§ **Your assignment**
I need the number of lines in the following entries that hold the word "SIGVARIS", and no other text.

§ **Dataset extract**
◆ ◆ ◆ ◆
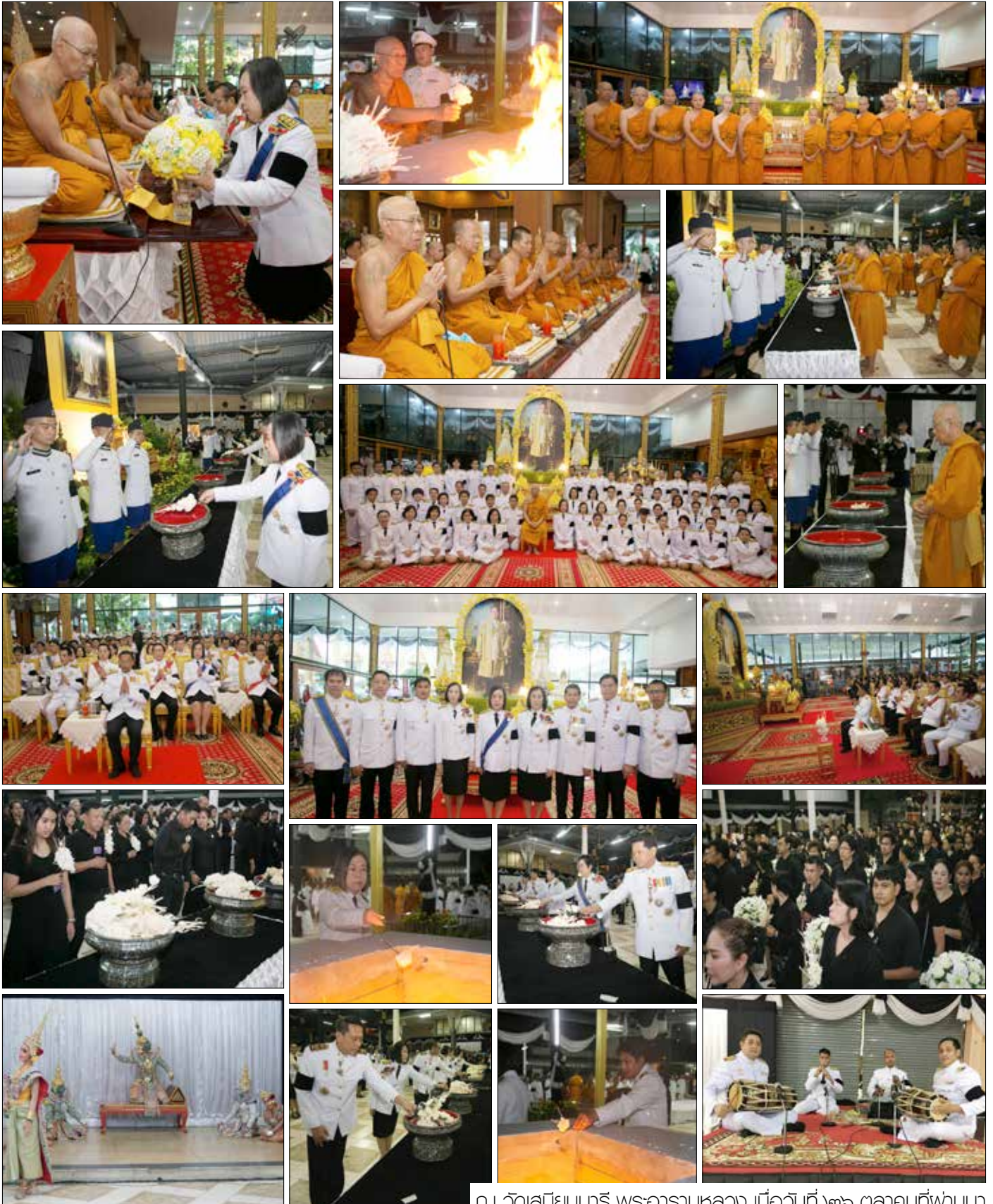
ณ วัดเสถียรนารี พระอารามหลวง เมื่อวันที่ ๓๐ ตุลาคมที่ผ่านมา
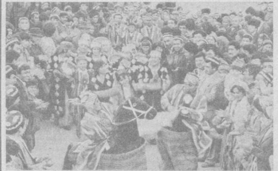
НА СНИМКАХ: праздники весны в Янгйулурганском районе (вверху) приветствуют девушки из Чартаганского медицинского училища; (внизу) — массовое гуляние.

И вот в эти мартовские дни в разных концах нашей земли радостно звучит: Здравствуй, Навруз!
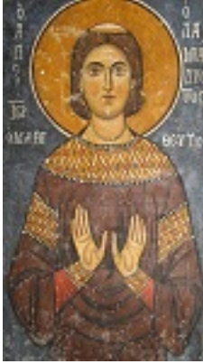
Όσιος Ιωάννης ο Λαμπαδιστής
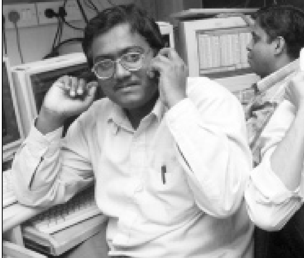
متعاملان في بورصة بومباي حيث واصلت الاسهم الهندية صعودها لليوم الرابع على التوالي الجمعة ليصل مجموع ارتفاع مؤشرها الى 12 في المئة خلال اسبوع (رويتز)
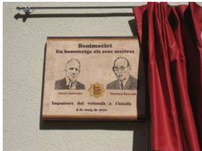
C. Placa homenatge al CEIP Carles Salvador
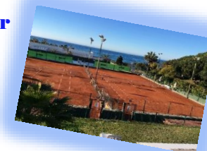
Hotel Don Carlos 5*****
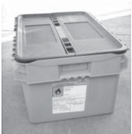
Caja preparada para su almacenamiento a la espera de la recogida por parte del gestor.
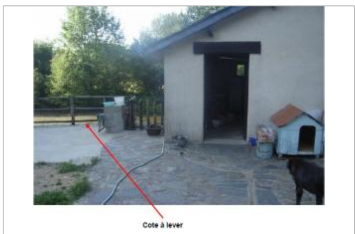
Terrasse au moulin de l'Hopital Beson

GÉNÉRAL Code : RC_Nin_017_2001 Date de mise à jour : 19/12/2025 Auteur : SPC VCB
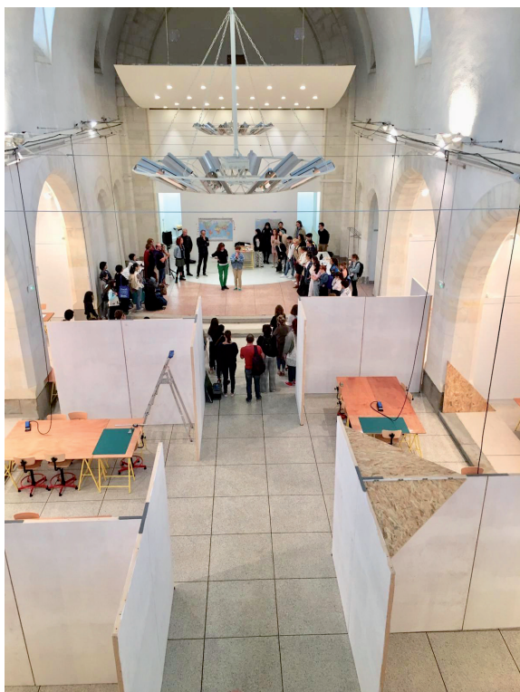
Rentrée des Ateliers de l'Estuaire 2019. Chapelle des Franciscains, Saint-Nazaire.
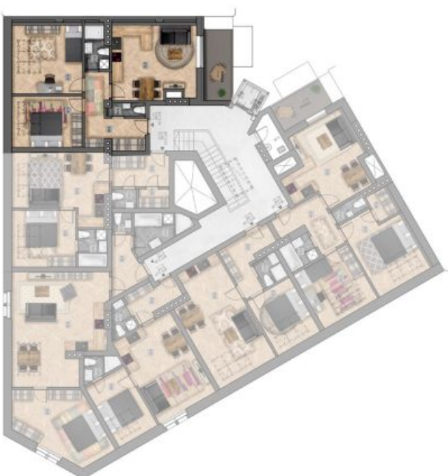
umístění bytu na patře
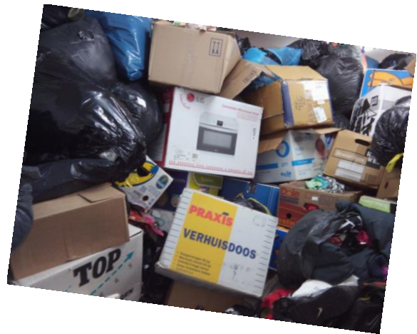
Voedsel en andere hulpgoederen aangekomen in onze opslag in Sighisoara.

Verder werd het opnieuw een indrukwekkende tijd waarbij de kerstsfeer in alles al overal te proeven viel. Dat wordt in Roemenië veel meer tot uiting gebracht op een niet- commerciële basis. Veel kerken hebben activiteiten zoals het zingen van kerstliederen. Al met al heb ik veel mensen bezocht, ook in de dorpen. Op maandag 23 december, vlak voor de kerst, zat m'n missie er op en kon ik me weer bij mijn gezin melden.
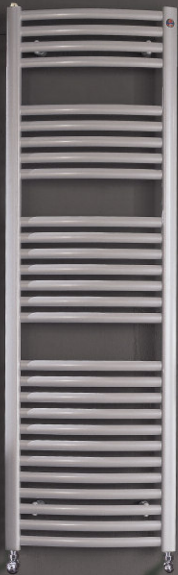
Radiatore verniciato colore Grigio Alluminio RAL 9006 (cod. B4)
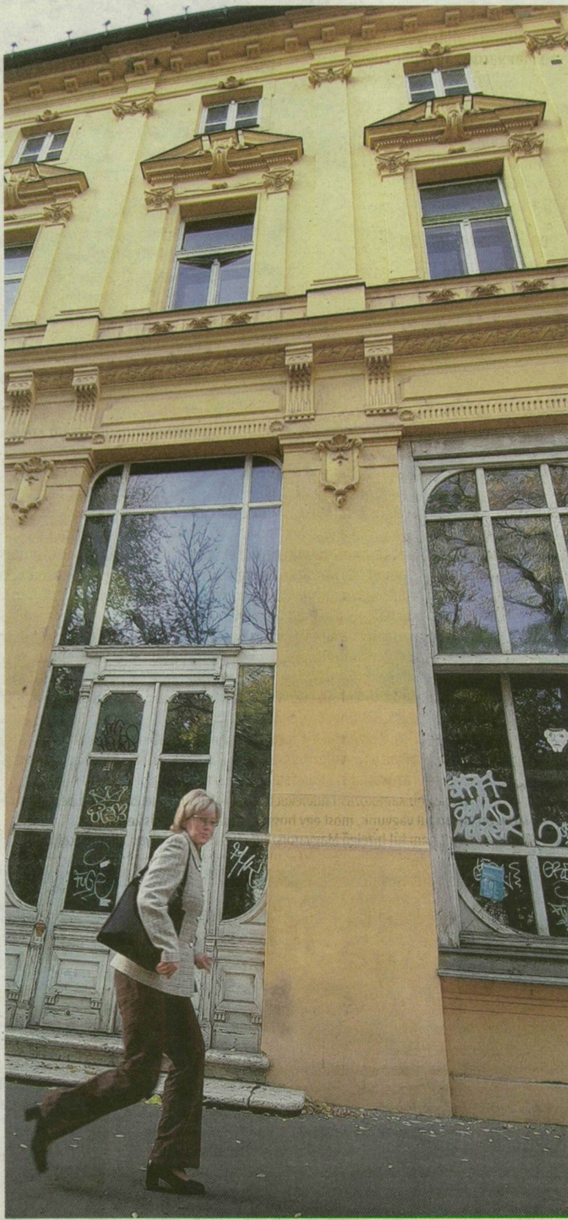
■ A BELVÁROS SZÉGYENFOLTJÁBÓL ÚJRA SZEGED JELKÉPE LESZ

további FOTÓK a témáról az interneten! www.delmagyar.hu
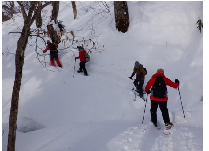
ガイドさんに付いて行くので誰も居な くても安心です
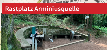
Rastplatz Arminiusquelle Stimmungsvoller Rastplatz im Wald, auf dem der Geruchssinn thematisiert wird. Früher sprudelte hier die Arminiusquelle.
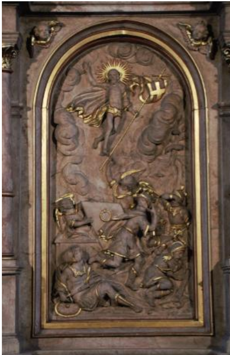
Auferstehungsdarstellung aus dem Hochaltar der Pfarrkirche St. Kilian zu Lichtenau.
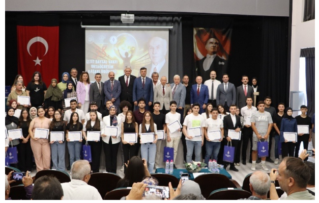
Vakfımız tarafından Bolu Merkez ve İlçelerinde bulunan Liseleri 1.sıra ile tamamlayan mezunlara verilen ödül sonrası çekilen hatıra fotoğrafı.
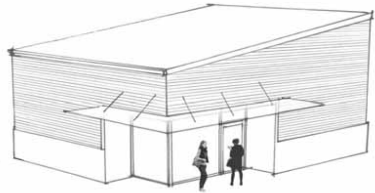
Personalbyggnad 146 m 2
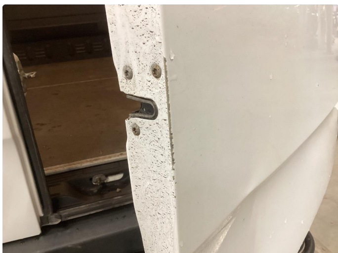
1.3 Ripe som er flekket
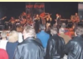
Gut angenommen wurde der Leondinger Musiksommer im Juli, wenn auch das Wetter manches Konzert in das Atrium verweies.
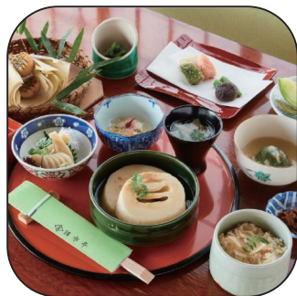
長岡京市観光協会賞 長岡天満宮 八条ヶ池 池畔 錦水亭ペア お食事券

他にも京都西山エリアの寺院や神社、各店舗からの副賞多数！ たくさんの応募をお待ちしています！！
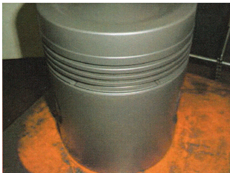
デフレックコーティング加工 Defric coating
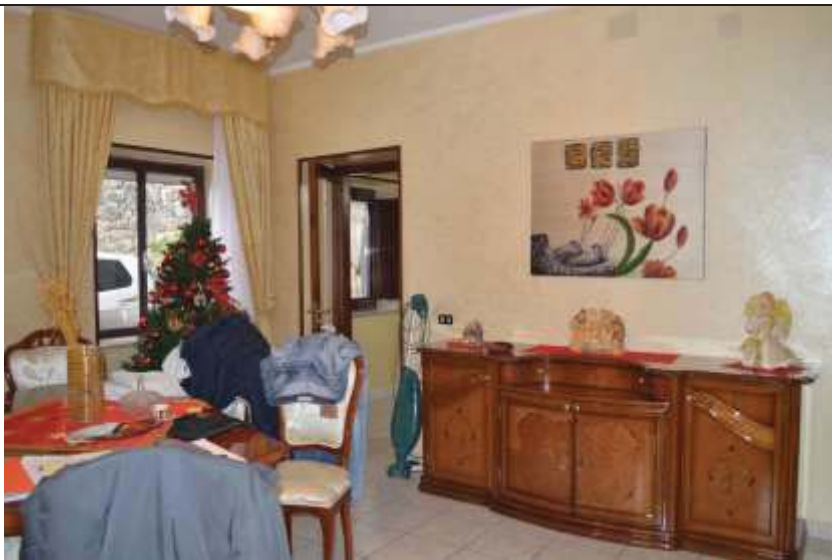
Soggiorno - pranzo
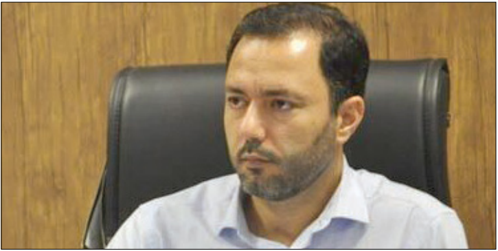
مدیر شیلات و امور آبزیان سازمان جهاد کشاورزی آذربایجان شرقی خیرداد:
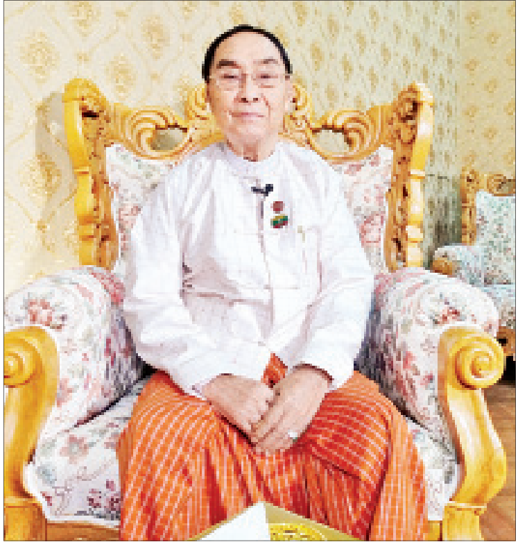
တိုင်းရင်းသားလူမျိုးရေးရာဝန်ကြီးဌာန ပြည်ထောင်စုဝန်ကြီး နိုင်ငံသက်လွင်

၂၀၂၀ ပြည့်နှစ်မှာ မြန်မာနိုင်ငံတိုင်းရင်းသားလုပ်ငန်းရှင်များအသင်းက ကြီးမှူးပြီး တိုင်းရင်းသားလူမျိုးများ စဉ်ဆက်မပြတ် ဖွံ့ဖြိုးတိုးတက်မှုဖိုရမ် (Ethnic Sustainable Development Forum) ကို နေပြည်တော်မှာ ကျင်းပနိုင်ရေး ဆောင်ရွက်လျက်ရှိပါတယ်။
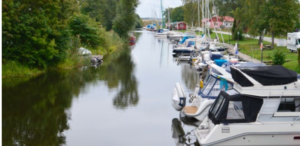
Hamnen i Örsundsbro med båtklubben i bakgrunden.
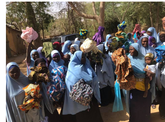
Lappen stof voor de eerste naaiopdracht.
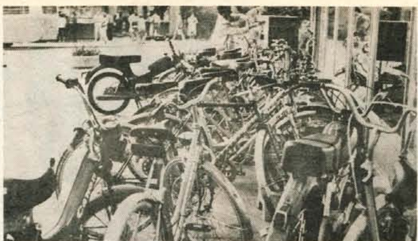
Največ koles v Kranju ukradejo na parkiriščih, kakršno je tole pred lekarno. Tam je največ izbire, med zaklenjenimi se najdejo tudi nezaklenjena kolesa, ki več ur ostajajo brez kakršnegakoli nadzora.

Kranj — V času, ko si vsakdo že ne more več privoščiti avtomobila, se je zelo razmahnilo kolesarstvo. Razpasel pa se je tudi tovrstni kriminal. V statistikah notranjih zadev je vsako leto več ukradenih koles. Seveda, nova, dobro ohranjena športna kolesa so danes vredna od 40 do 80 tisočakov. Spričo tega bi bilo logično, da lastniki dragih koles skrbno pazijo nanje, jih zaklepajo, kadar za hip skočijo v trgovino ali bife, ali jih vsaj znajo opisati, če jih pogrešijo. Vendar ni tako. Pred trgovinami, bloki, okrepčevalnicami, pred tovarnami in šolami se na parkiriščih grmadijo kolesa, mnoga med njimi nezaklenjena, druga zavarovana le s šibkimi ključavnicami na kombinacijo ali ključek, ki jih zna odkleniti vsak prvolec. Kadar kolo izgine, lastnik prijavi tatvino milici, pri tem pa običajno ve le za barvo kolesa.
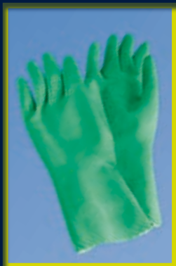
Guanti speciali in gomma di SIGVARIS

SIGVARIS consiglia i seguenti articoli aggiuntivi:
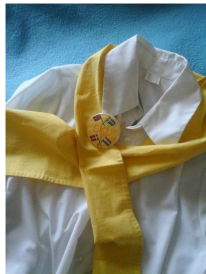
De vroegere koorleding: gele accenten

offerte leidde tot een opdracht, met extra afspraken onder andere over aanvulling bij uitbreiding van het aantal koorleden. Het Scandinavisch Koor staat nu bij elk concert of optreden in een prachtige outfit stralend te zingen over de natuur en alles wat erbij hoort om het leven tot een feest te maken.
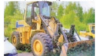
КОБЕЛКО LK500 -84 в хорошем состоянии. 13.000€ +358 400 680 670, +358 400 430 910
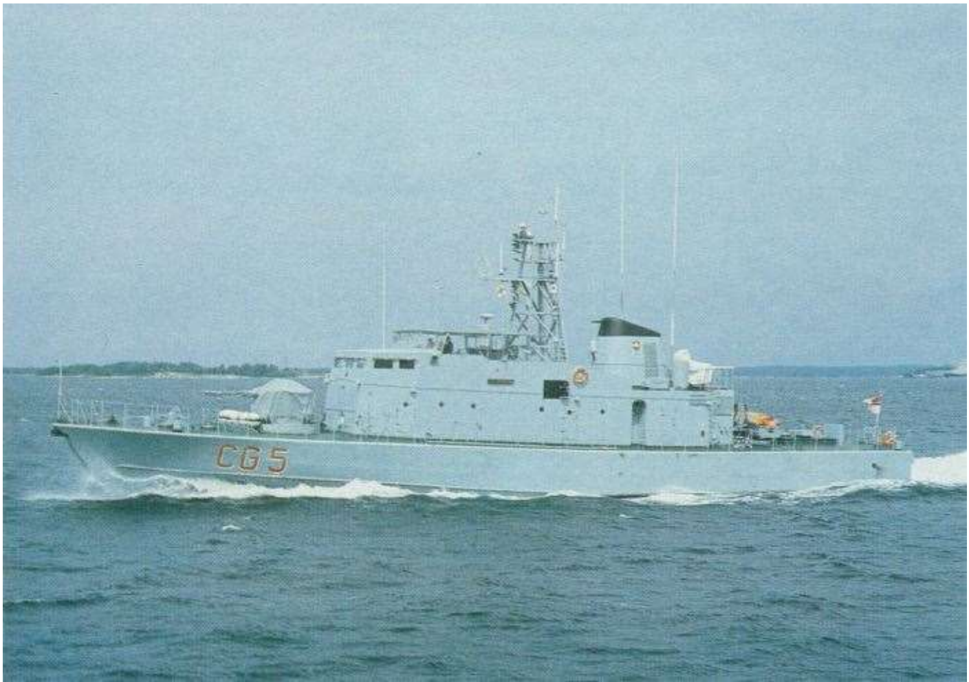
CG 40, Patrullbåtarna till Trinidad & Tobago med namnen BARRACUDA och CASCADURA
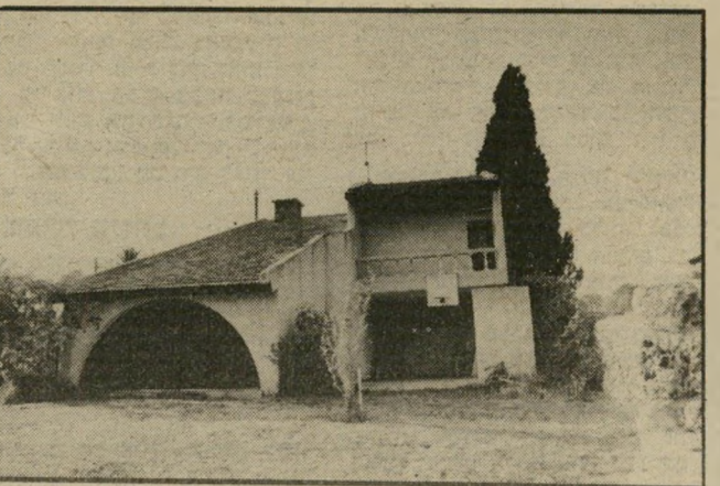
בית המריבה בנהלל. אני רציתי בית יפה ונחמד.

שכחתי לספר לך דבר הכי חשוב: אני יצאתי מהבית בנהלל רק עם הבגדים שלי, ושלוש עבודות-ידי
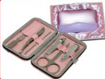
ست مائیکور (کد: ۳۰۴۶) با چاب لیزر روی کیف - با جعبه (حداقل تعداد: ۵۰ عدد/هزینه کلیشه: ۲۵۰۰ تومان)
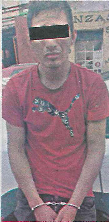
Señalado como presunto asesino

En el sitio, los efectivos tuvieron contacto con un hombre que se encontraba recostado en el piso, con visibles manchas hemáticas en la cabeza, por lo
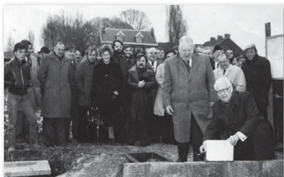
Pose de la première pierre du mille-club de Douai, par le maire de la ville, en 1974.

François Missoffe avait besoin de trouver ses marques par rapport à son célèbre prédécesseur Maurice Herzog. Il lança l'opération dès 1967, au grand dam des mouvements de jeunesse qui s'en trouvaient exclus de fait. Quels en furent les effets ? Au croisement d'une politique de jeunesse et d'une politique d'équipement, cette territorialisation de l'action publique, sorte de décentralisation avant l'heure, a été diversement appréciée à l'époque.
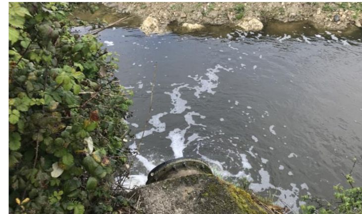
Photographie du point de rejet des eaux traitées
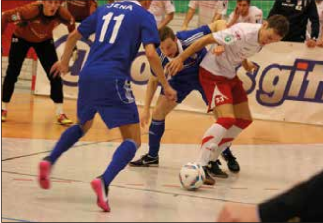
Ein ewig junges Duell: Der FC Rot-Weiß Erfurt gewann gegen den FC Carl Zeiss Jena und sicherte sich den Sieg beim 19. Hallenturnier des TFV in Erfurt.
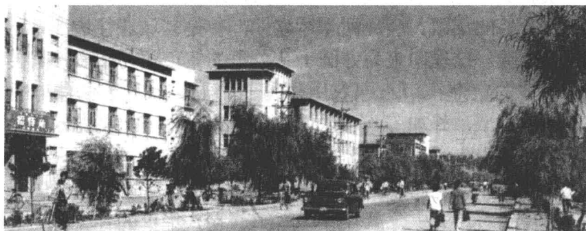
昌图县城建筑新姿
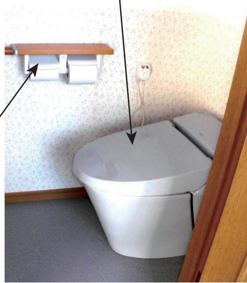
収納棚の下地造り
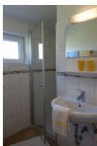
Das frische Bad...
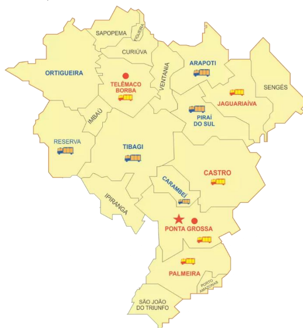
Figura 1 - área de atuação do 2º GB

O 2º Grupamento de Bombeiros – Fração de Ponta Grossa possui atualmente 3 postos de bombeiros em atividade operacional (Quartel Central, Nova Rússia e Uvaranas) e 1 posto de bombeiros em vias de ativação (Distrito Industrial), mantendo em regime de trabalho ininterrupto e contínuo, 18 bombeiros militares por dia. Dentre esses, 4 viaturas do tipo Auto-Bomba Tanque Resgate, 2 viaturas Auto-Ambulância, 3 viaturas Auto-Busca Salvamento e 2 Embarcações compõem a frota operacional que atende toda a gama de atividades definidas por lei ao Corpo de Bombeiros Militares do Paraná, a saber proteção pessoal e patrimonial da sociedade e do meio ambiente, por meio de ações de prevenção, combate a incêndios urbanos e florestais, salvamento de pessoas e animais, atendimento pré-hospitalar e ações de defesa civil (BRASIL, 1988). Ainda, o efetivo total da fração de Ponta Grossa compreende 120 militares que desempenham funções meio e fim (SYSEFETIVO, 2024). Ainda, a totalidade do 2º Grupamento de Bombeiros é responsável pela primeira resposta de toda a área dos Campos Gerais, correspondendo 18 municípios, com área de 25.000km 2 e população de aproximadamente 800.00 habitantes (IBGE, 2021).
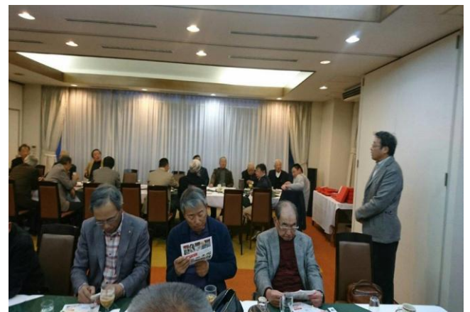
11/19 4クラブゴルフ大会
◆ ◆ ◆ ◆
§ **Task response**
2